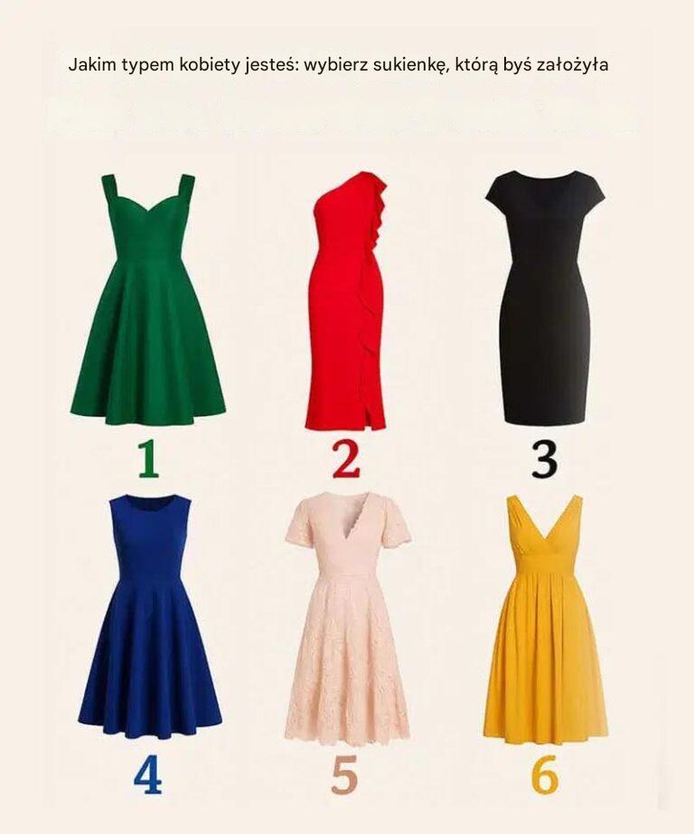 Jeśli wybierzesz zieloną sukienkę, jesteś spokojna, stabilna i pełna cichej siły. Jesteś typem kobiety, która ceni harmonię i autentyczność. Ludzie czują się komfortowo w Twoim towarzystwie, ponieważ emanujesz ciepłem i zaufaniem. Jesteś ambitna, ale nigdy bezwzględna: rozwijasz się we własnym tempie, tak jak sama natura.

________________________________________

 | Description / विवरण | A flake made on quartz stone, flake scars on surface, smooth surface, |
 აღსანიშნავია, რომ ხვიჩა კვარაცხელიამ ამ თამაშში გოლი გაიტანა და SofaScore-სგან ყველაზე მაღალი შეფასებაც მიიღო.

________________________________________

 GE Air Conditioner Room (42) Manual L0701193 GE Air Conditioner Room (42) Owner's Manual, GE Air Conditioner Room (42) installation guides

________________________________________

Retype only this portion of the data above: the line containing "smooth surface, |", the line containing "აღსანიშნავია, რომ ხვიჩა", and all lines between them, exactly.

→ EXERCISE RESULT:
 | Description / विवरण | A flake made on quartz stone, flake scars on surface, smooth surface, |
 აღსანიშნავია, რომ ხვიჩა კვარაცხელიამ ამ თამაშში გოლი გაიტანა და SofaScore-სგან ყველაზე მაღალი შეფასებაც მიიღო.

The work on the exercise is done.